Since I got quite a lot of feedback (mostly verbal--certainly not blog comments!) on my last cheese post about how to make Farmhouse Cheddar, I thought I'd do a couple more of these on other cheeses. People pay scads of money to take cheese making classes, and so long as you're after just cheese-making-know-how, and not party atmosphere, then a photo journal of the process is all you need. If you want to pay lots of money and take a class, by all means! I've taken one and it was a good class and I'd do it again--it made making cheese seem not so difficult and scary, and it was fun! But now that I've gained a little confidence, I'd rather spend money on supplies than classes. So, if you've got other ways to spend your time and money, but still want to see cheese making in action, here's your opportunity. This post will be about feta. I made the feta and chevre at the same time, so you will see a bit of that in these photos, but it shouldn't be confusing. :)
I started out with 2 gallons of feta. Warm the milk up to 86*F. Culture the milk with 1/4 tsp. mesophilic culture, 1/4 tsp. flora danica, and 1/4 tsp. lipase powder. Stir it in well and let it set for one hour.
After one hour, you will add 1/2 tsp. rennet diluted in 1/4 cup non-chlorinated (use distilled or reverse osmosis) water. Mix well, and then let rest 30 minutes.
After 30 minutes, you should have what is called a clean break. You can cut the curd and it forms nice lines, not running back together.
Once you have cut the curd, let it rest 10 minutes.
Stir the curd for 20 minutes. Here's what it looks like when you start stirring:
And what it looks like by the end of the 20 minutes: You want to stir gently.
Next, you will pour off as much whey as possible without losing curd. Our dogs and chickens love whey!

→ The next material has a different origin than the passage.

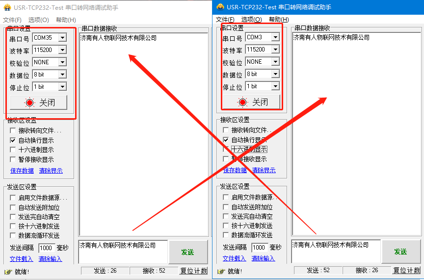 11.用串口調(diào)試助手打開(kāi)虛擬串口生成的串口和M511的串口(兩個(gè)串口參數(shù)必須相同),進(jìn)行數(shù)據(jù)互發(fā)

Next, you will pour the curds and remaining whey into a lined (I used the same pillowcase as I discussed in my Cheddar post) colander.
Here are the curds after pouring:
Then, gather the edges of your pillowcase (or butter muslin if you've invested in that) and hang to drain.

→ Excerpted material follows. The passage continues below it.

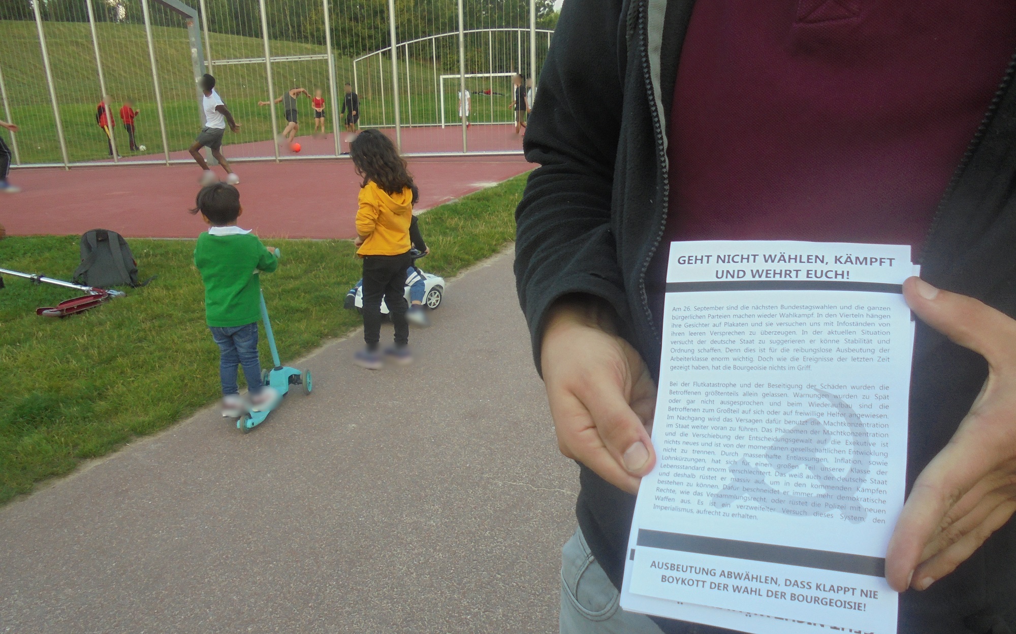 Am 26. September sind die nächsten Bundestagswahlen und die ganzen bürgerlichen Parteien machen wieder Wahlkampf. In den Vierteln hängen ihre Gesichter auf Plakaten und versuchen mit Inforständne uns von ihren leeren Versprechen zu überzeugen. In der aktuellen Situation versucht der deutsche Staat zu suggerieren er könnte Stabilität und Ordnung schaffen. Denn diese ist für die reibungslose Ausbeutung der Arbeiterklasse enorm wichtig. Doch wie die Ereignisse der letzten Zeit zeigen hat die Burgeoisie nichts im Griff.

I started the cheese in the morning and then let it hang all day. In the evening, I took it down and opened it up.
From here, you cut the cheese (no, not like that!) into slabs and then cubes.
Sprinkle salt on the cheese. I used to lay all my cheese out in one layer in several pans, making sure to salt all sides of each individual cube... phooey! Now I just pile it in the pan, sprinkle liberally with salt, and put the lid on the pan and shake it up! It can take it, I promise! Notice, I've used cheap canning salt. (Yes, that clearance sticker on the front of the container really does say $1.00!) Any non-iodized salt will do.
You may not be able to see it from the photo, but more whey will continue to drain out of the cheese for a few days. Keep the cheese at room temperature for 2 days, salting, flipping, and draining.
Draining the cheese:
After the 2 days, refrigerate the cheese in brine. You can make a brine with 1 TBS salt (non-iodized, again) to 1 cup of water, making however much is necessary to cover the cheese. The longer the cheese ages, the better it becomes in taste and texture. However, it doesn't get a chance to age very long around here!
2 comments:
We tried giving our dogs whey but they get diarrea. Don't you have that problem?
I have Great Pyrenees dogs, and they stay outdoors. They always go hide their poop, so I have never seen it! They don't act as if they're bothered, but our chickens also consume a fair amount of it. Poppy wouldn't drink it all when I gave it to her (maybe it gave her diarrhea before?), and with 4 dogs and 80+ chickens, I don't suppose any of them get too much.
You can also use whey for baking in place of water, put it in smoothies, use it as the liquid in soap making, make ricotta... I find ricotta takes extra patience, but one of these days I'll do a post on that! I have also heard of people fertilizing fields with it sparingly. The one caution I have heard is that large amounts of it should not go in a septic tank, so better to catch the whey and dump it outside than to let it run down the drain.